The fact that these Lake Erie-derived Pseudomonas have the ability to inhibit problematic MDR pathogens allows us to assume that there are novel antibiotics in the environment that are yet to be elucidated discovered. The workflow used in this study is a useful strategy to locate environmental Pseudomonas that produce antagonistic compounds, capable of inhibiting the growth of MDR pathogens. Once identified the identification of BGCs involved in antibiotic production can be achieved. This will allow for isolation of the BGC products leading to research that will access the therapeutic capabilities of these compounds. Additionally, discovery of genes outside of BGC’s involved in antibiotic production will aid in the understanding of how these molecules are produced.
4.2 Biosynthetic gene cluster analysis
4.2.1 S5F11 BGC
Out of the four LOI mutants isolated and identified, one of these mutants was showed to have a Tn insertion within a BGC (Table 8).
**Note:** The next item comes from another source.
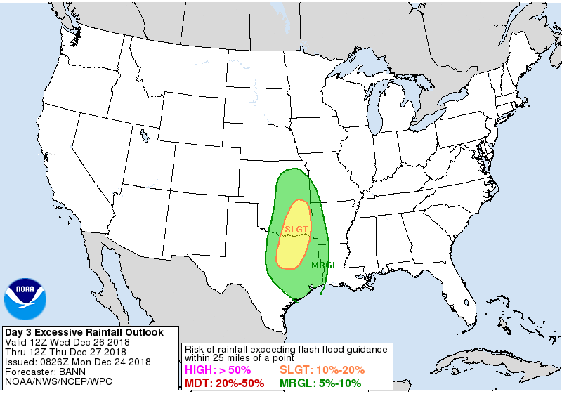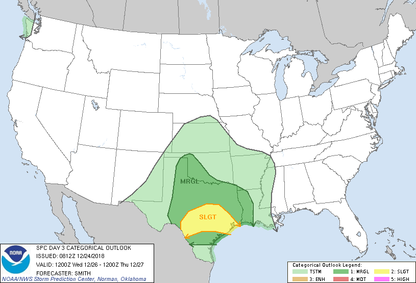 Merry Christmas everyone! Stay weather aware Wednesday afternoon into early Thursday. Severe Thunderstorms possible with damaging wind gusts and the possibility of a quick spin up tornado or two as a squall line forms along and ahead of a Pacific cold front in West Central Texas Wednesday evening and heads our way in the overnight hours into Thursday morning. Heavy rainfall is also a possibility with areas mainly along and N of I-10 getting 2 to 3 inches and those closer to the Coast, 1 to 2 inches. There is still some uncertainty with the storm track as the guidance has trended slightly more South into Northern Mexico and taken on a more negative tilt of the upper trough axis meaning greater dynamics. Stay Tuned!

BGC are involved in the production of many secondary metabolites including antibiotics that are being used today. With cloning and heterologous gene expression of BGC, antibiotics can be produced at high quantities, isolated and utilized as novel therapies for bacterial infection. The BGC localized in strain S5F11 was shown to produce a non-ribosomal peptide synthetase (NRPS; Figure 7).
31
NRPS systems produce small peptides that can be utilized for many different functions without the use of the standard translational machinery. They are composed of modules that are involved in adding both traditional amino acids as well as non-proteinogenic amino acids to a growing peptide chain, producing these small peptides involved the secondary metabolism.
Within these modules, domains are involved in the addition of these amino acids. The adenylation (A) domain is used to load a specific amino acid to the NRPS module via the peptidyl carrier protein (PCP) domain. The PCP domain is covalently bonded to the amino acid associated with the A domain. Another domain named the condensation (C) domain is used to catalyze the peptide bond between the amino acid on the PCP in adjacent modules allowing for an assembly line-like process. The peptide chain then reaches a thioesterase domain which is involved in hydrolysis or cyclization of the final product, releasing it from the final PCP domain.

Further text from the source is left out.